I really enjoyed spending the weekend with my brothers and their friends. It was a good-natured bachelor party filled with guys who enjoyed each others' company and were just looking to spend a memorable weekend together to mark another friend’s passing into the ranks of the married. Over the weekend we did a lot of walking around other casinos and taking in various sights. We ate in Irish bars and slammed pints of beers onto long table in a German dining hall. We played blackjack and drank booze both insanely expensive and graciously free. I bet quarters on a miniature horse track and still have no idea what you were supposed to do to win … I was just having a good time.

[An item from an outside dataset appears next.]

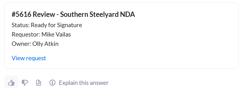 The Request Agent specialises in answering questions about pre-signature requests, so you can retrieve information and updates in seconds. Questions can be asked about one request at a time.

We floated along a "lazy river" sucking down margaritas in glasses that looked suspiciously like a watertight bong to the casual observer. I rolled my eyes at a local waitress that went seamlessly from playful banter into an obviously rehearsed shill for a topless pool she also worked out. We visited haunts off the Strip like Ellis Island (located in the Super 8) and The Double Down (the closest thing to a "grubby rock bar" I think Vegas has … even though I found even that place tried a little too hard to be something it wasn’t). We ran headfirst into a sea of green-shirted prematurely reveling St. Patrick’s Day observers. I'm told I got into arguments with two cabbies but I only remember the awesome cab drivers that got me to and from the airport and around town Saturday night.

The one strip club we attended was visited grudgingly and by only by a fraction of the party … it was the one segment of the weekend that I’m reasonably sure most guys felt was occurring ONLY because you can’t have a bachelor party in Vegas without buying the bachelor a dance. The girls that ended up dancing for my brother ended up telling me how sweet and adorable they thought he was, but suggested getting him drunker next time around so he didn’t talk so much.* What can I say, he’s polite!

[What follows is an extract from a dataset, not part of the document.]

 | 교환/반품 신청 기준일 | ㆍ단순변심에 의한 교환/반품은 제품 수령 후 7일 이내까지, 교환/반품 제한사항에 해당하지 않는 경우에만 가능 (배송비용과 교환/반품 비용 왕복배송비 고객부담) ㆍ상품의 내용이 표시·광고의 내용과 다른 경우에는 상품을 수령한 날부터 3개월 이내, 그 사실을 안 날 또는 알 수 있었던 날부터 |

I began the trip feeling slightly disgusted by the excess and couldn’t shake the feeling I had stumbled into the world’s longest strip mall. I grew confused by families pushing strollers through a casino. I constantly found myself confounded by the withering glare of dudes once the waitress they thought was their best friend abandoned them in a second for a bigger tip. And, eventually, all of this stopped bothering me. People who go to Las Vegas are going there knowing full well that the city isn’t there to offer them a culturally fulfilling time. It is a playground for adult, and in the end I think a lot of the visitors, me included, are just content to empty their head of anything too "heavy" and just drift from pleasurable excess to pleasurable excess.

I was there to have a good time with my brother and his friends. We did a lot that could be considered stereotypical, and we did a fair amount that at least had us attempting to look past the surface distractions the Strip has to offer. And in the end after dropping way too much money on drinks and food – though thankfully I didn’t lose that much at the tables – I left with a lot less money in my pocket. I also left with some really fun memories with my brothers. It may be the last time we’re able to ever do something so silly together again so I consider the last weekend priceless.

Thanks, Vegas.

Bottom photo of MGM Grand lion by wallyg

*I suspect the girls decided to "confide in me" at all was because they thought I was gay, a claim I made early on into our visit to keep the working ladies from talking to me when there were far better guys to approach and make some dough off of. I’m surprised it worked as well as it did!